◆ Recorded information:
┏━━

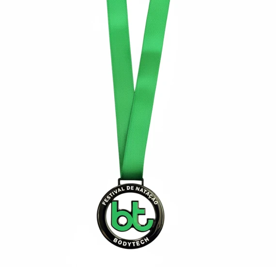 Medalha personalizada de 70mm produzida em ferro de formato circular, modelo BodyTech, com adesivo exclusivo e acabamento resinado de alto brilho. Uma peça mais pesada e robusta, ideal para eventos que exigem presença, durabilidade e valorização da conquista.
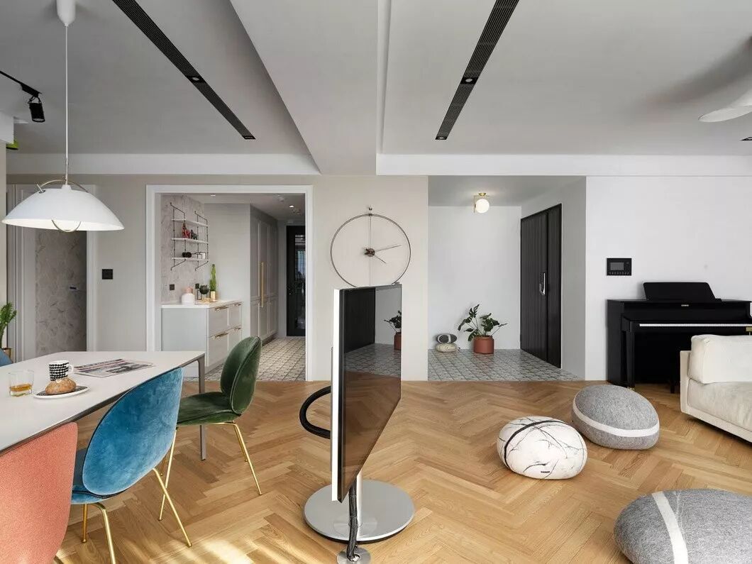 公共区域内,透过一面旋转电视墙的设定,除了做为客厅与餐厅区域的划分界定,也满足多视角视听机能,相比实墙更多了穿透感,促使光线照亮每一个角落
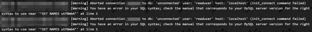 如上環境中init_connect設置的值是'SET NAMES utf8mb4',如果我們直接執行這個指令,提示存在語法上的錯誤,
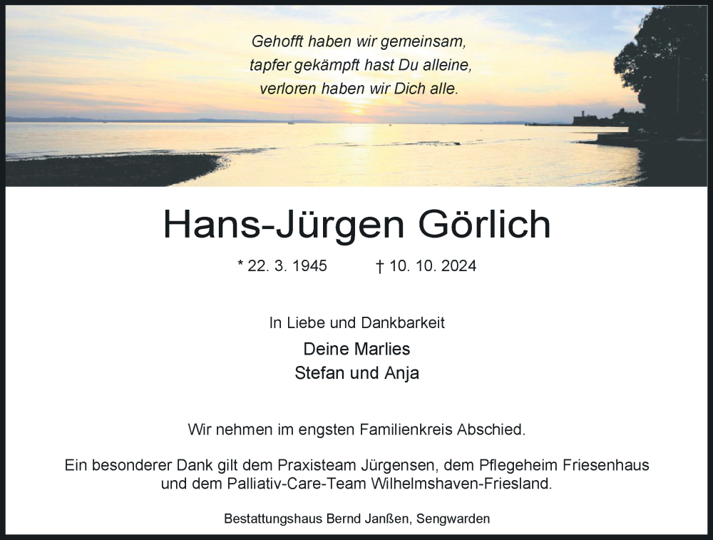 Hier finden Sie alle Traueranzeigen aus der Zeitung, die bisher für Hans-Jürgen Görlich erschienen sind. Weitere Traueranzeigen, die in der Zeitung erscheinen, werden hier ebenfalls aufgelistet

┗━━

◆ What the task asks: Leave every image out, and retype the material exactly.

◆ Final answer:
 Medalha personalizada de 70mm produzida em ferro de formato circular, modelo BodyTech, com adesivo exclusivo e acabamento resinado de alto brilho. Uma peça mais pesada e robusta, ideal para eventos que exigem presença, durabilidade e valorização da conquista.
 公共区域内,透过一面旋转电视墙的设定,除了做为客厅与餐厅区域的划分界定,也满足多视角视听机能,相比实墙更多了穿透感,促使光线照亮每一个角落
 如上環境中init_connect設置的值是'SET NAMES utf8mb4',如果我們直接執行這個指令,提示存在語法上的錯誤,
 Hier finden Sie alle Traueranzeigen aus der Zeitung, die bisher für Hans-Jürgen Görlich erschienen sind. Weitere Traueranzeigen, die in der Zeitung erscheinen, werden hier ebenfalls aufgelistet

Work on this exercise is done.